Mers El Kabir

“People for the most part stood their ground, but the ground itself gave way beneath them.”

Joseph Schumpeter
Describing the beginning of the Great Depression

“Your comparison of the British attack on the French fleet in 1940 with the Japanese attack on Pearl Harbor in 1942 is ridiculous,” writes one English reader of the Daily Reckoning.

“It was hardly a surprise attack on the French,” he continued, “Europe was already at war.”

Even my old friend, Adrian Day, protested. The Vichy government had gone over to the German side, he pointed out.

61 years ago, Paris was an occupied city. The German army had arrived on the 14th of June.

And on this day, the 22nd of June 1944, France and Germany signed an armistice. France had been beaten in what it calls its ‘funny war’ – a 6-week conflict in which the biggest army in Europe was whipped decisively.

What went wrong?

As the threat of war increased in Europe in the late ’30s, France put her faith in two things: the Maginot Line – a line of fortifications along the west bank of the Rhine – and the ‘elan’ of its fighting men.

“Elan” can be roughly translated as ‘spirit’ or ‘enthusiasm.’ The idea was taught in France’s military schools – that as long as the army maintained its ‘elan,’ it would not lose.

But elan only goes so far. In a matter of days, the fortresses of the Maginot Line were by-passed and nearly the entire French army was either outflanked, cut off, or in full retreat. French commanders had no understanding of blitzkrieg warfare; they didn’t know what was happening to them and had no plan to deal with it.

The French government could talk all it wanted about preserving the fighting spirit of its troops – but with the wehrmacht bearing down on them, the soldiers themselves threw down their guns and fled.

Will American consumers do the same? Will they throw down their credit cards? Will they reject McTeer’s patriotic appeal to ‘spend, spend, spend’ and decide to look out for their own balance sheets?

Two things, it is believed, stand in the way of recession (and further stock market declines), dear reader: rate cuts and consumer confidence.

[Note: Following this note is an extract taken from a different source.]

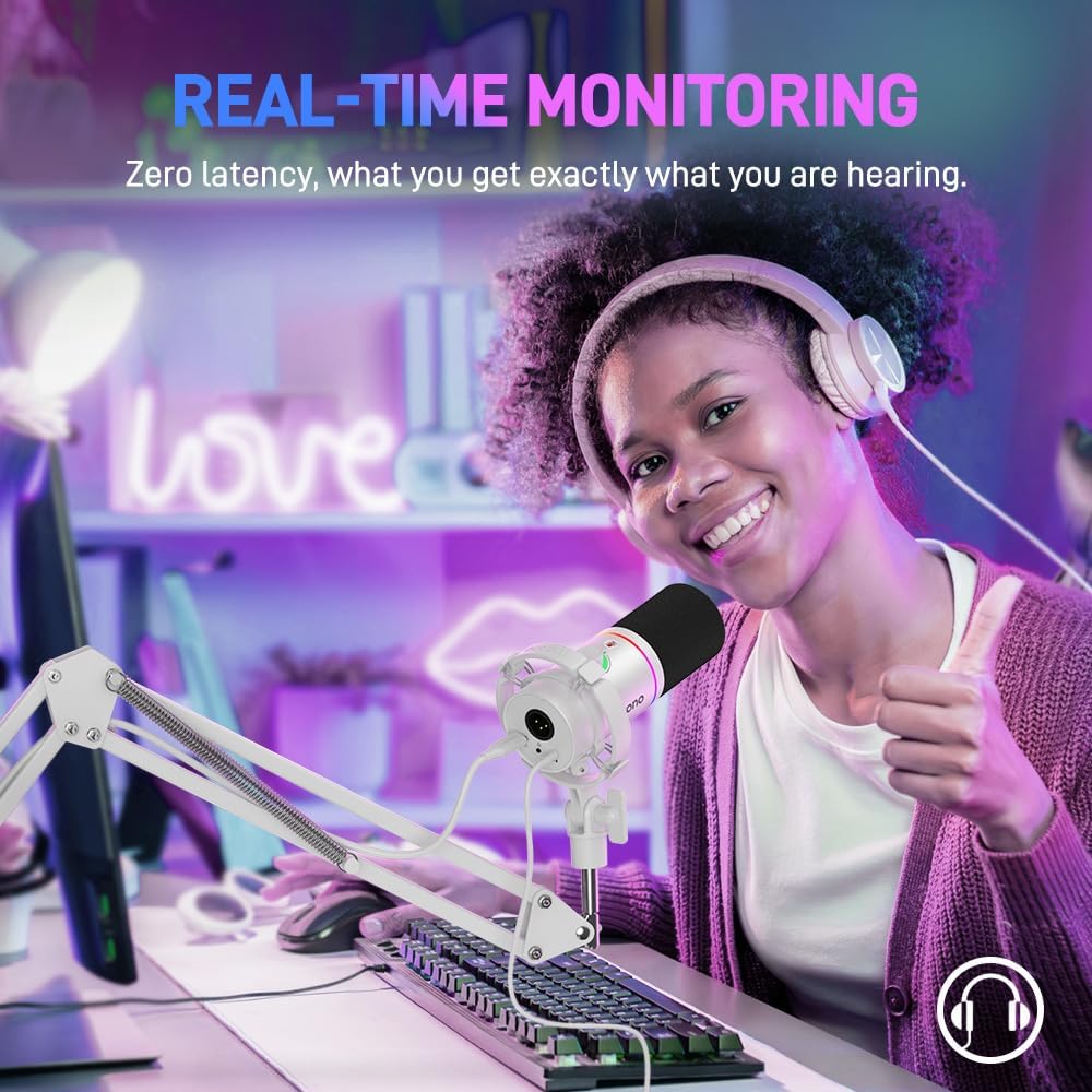 MAONO XLR/USB Dynamic Microphone, RGB Gaming Mic with Software, Mute, Gain Knob, Volume Control and Headphone Jack for Streaming, Podcasting, Recording-PD200X (White)

So far, the rate cuts have failed to produce an economic turnaround. “We notice a total failure of the Fed’s rate cuts,” writes Dr. Richebacher in his latest letter. But as long as the elan of American consumers holds out, it is widely believed, the economy will not fail.

“It is not so much the recession call itself that matters,” explained Alan Greenspan in one of his recent Congressional testimonies, as long as there is no “breach of confidence.”

“We note in the public discussion,” adds Dr. Richebacher, “a peculiar emphasis on the key role of confidence in sustaining economic growth.” Interest rate cuts are made, it is said, not merely to reduce the cost of credit but to increase consumer and investor confidence, in the same way that the huge Maginot fortifications increased the feeling of security among the French, even though they were already useless from a military point of view.

“To us,” Dr. Richebacher continues, “this focus on the fuzzy concept of confidence suggests a general refusal …to recognize the true nature of the unfolding economic and financial quagmire…”

What menaces the U.S. economy and Wall Street is not a lack of confidence, but too much of it. Investors were so confident that stocks would rise in price that they bought shares at preposterous prices. Businessmen, feeling the whoosh of easy money in their hair, increased investment in all manner of projects, some sensible but many not. And consumers, confident that the good times would last forever, stopped saving altogether.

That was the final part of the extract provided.